━━━ DATA FOR PROCESSING ━━━
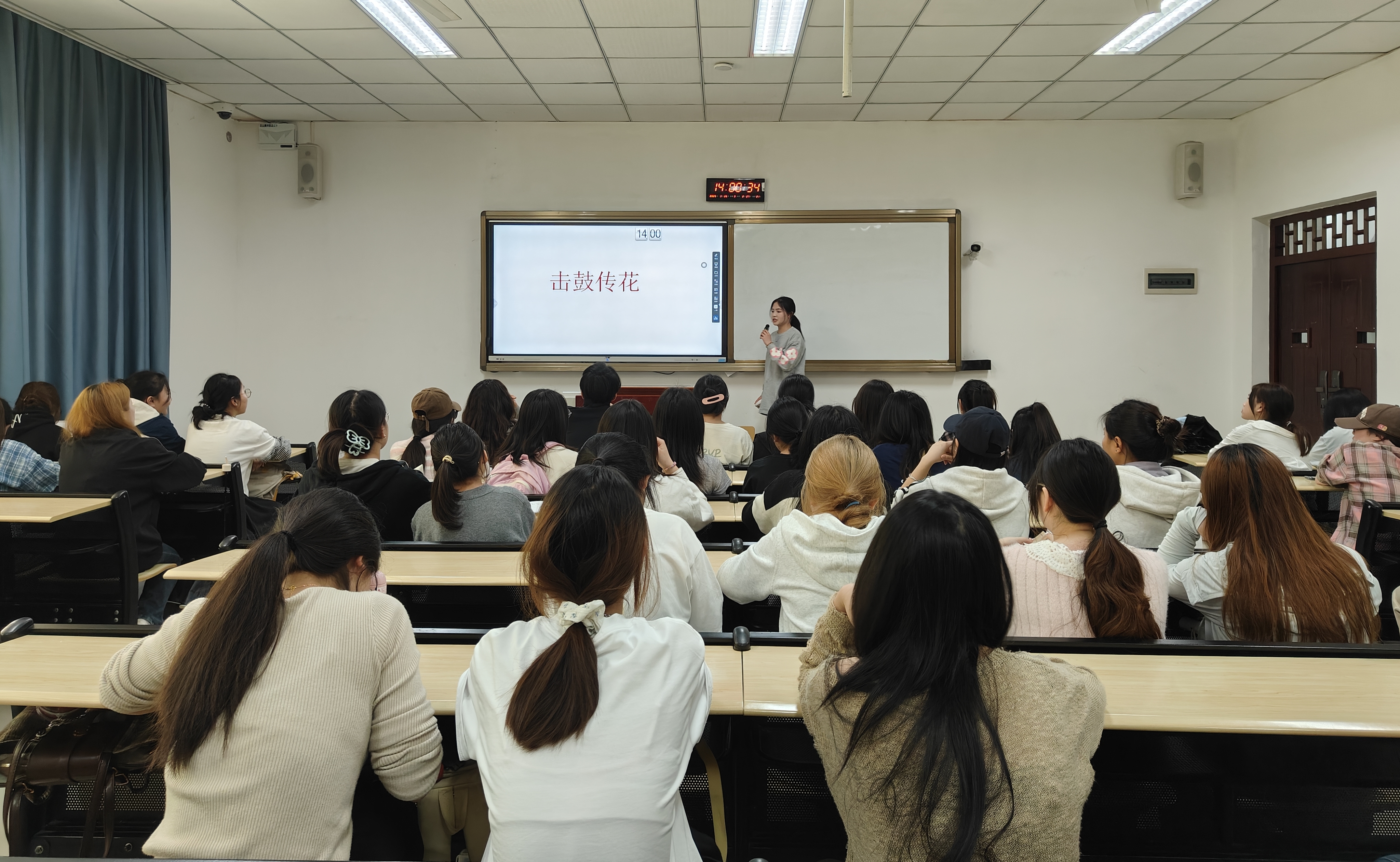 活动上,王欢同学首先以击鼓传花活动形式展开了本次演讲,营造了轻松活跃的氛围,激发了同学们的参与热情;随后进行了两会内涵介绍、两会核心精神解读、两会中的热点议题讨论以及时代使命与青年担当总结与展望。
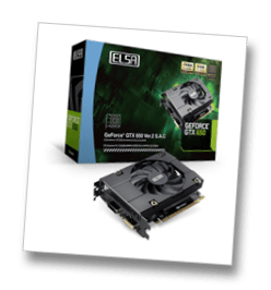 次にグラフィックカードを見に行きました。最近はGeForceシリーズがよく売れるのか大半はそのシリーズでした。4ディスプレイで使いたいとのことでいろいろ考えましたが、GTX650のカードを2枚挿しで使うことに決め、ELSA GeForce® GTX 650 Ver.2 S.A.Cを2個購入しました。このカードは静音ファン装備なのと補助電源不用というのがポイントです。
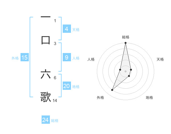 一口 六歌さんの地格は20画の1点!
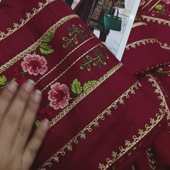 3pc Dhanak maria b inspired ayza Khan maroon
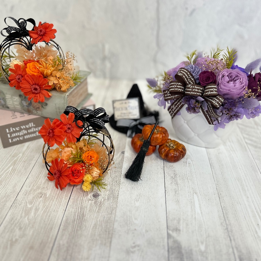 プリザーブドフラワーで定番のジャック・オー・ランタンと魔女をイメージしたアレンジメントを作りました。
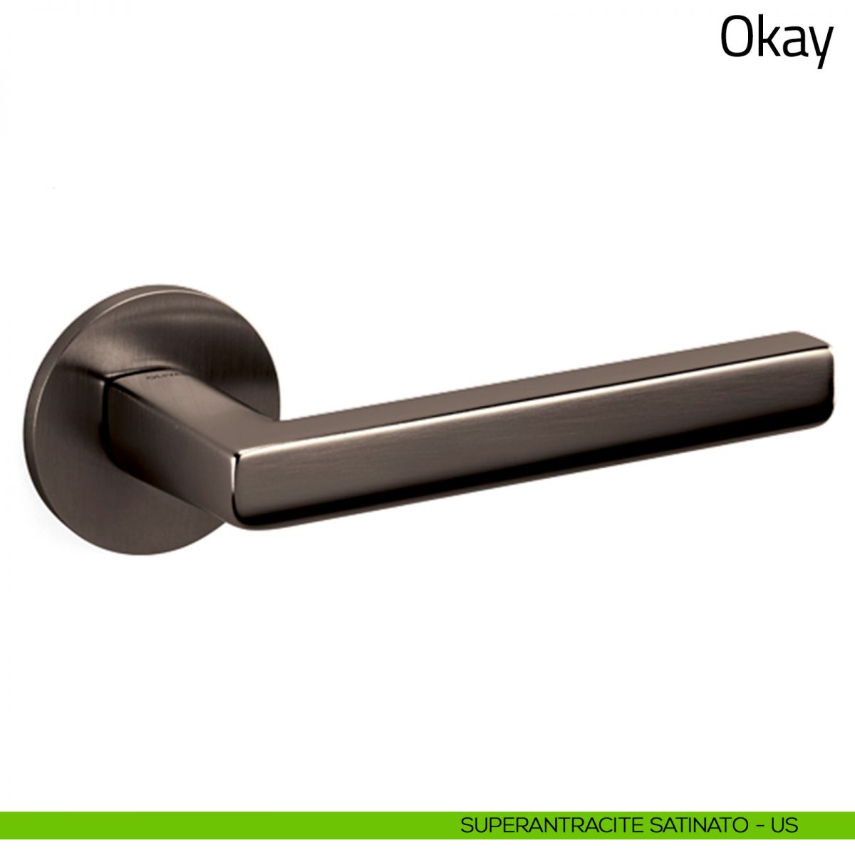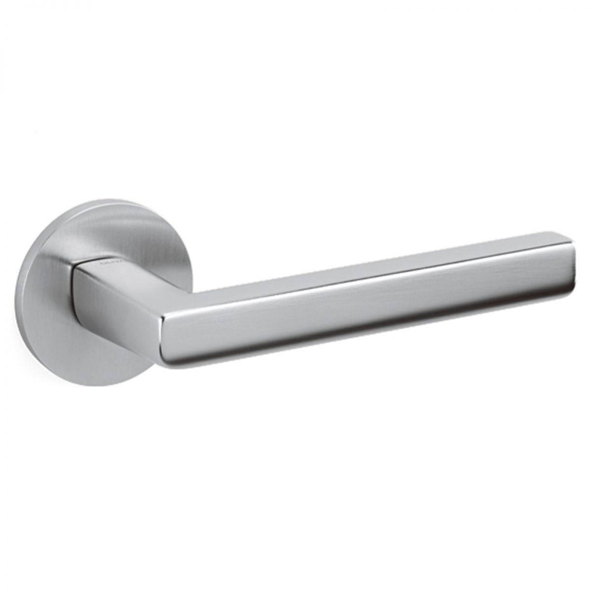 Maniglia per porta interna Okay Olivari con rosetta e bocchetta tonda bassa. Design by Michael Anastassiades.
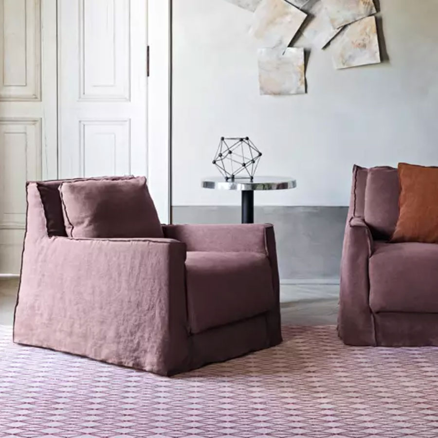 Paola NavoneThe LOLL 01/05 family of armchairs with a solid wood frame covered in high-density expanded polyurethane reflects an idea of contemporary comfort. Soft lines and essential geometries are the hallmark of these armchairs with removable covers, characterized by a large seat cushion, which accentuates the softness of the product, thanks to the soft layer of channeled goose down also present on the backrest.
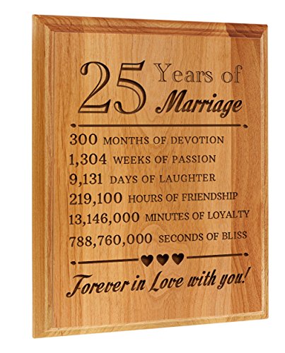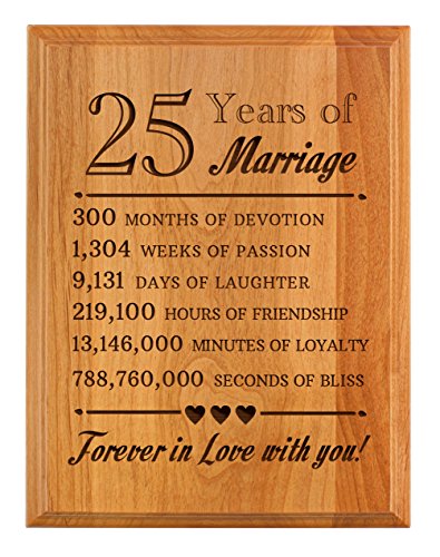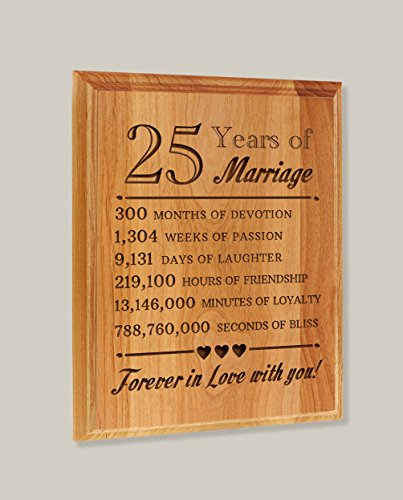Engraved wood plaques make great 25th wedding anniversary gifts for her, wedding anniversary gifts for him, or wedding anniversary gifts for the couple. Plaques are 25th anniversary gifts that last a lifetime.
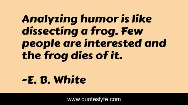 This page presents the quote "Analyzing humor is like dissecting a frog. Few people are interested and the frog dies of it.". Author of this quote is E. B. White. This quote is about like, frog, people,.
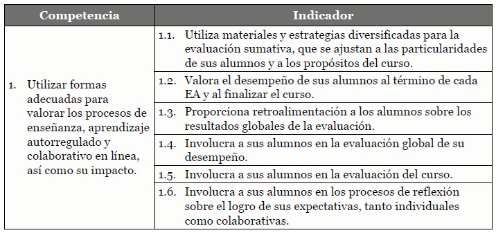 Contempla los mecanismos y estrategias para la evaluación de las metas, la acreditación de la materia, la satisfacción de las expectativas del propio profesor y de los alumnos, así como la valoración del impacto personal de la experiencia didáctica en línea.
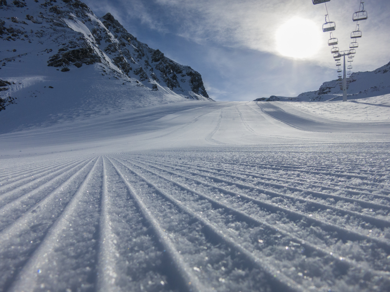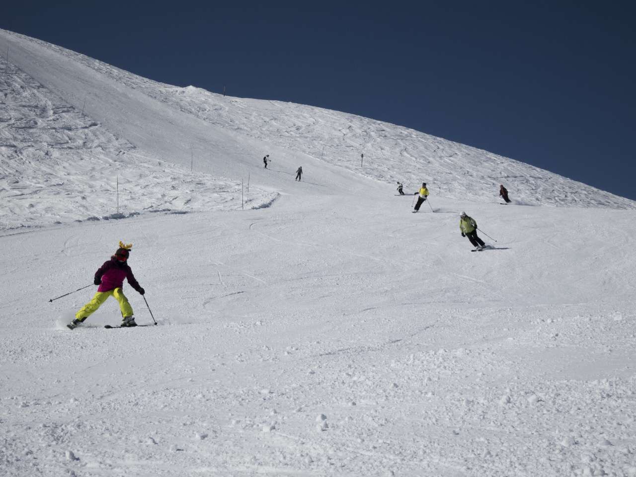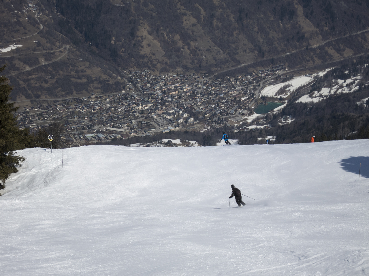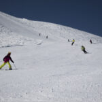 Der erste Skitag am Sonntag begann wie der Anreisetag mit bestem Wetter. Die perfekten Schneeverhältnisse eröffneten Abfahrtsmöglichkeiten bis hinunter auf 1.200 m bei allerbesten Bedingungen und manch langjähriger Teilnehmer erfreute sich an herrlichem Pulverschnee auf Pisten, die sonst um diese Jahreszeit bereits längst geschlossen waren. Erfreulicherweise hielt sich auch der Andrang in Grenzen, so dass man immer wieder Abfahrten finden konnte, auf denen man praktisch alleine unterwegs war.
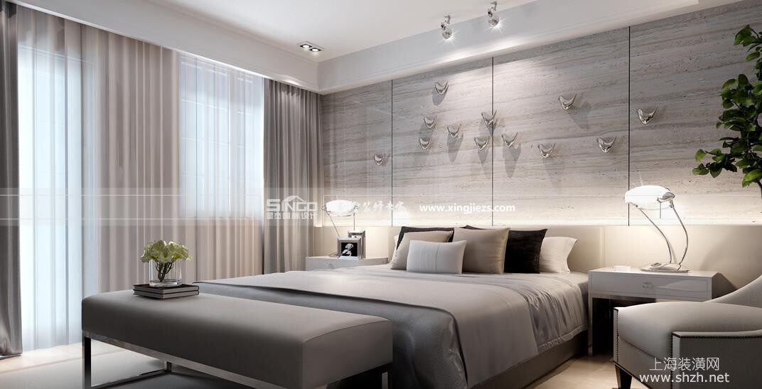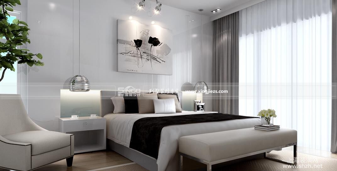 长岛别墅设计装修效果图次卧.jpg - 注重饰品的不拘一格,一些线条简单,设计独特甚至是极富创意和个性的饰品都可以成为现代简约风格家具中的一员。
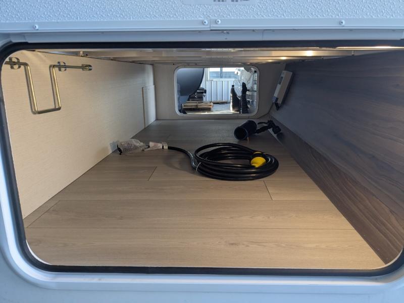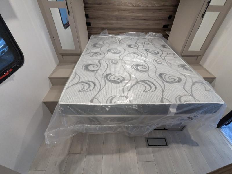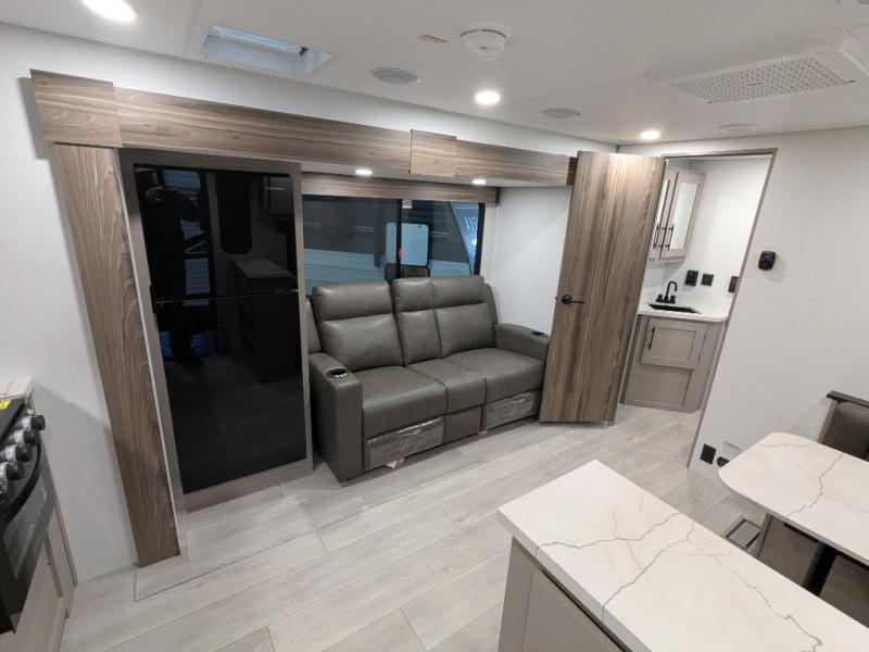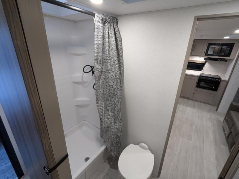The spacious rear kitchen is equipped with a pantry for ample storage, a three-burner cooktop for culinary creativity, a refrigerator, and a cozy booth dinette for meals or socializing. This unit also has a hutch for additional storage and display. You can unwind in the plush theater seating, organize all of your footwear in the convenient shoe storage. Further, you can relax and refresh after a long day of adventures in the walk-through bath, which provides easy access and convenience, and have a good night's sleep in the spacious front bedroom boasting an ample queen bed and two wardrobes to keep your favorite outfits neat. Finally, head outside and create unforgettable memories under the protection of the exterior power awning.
━━━
## ABOUT THIS TASK
Copy only these lines from the records above, exactly: the one with "3pc Dhanak maria b inspired ayza Khan maroon", the one with "Maniglia per porta", and those between. Skip the pictures.

## TASK OUTPUT
 3pc Dhanak maria b inspired ayza Khan maroon
 プリザーブドフラワーで定番のジャック・オー・ランタンと魔女をイメージしたアレンジメントを作りました。
 Maniglia per porta interna Okay Olivari con rosetta e bocchetta tonda bassa. Design by Michael Anastassiades.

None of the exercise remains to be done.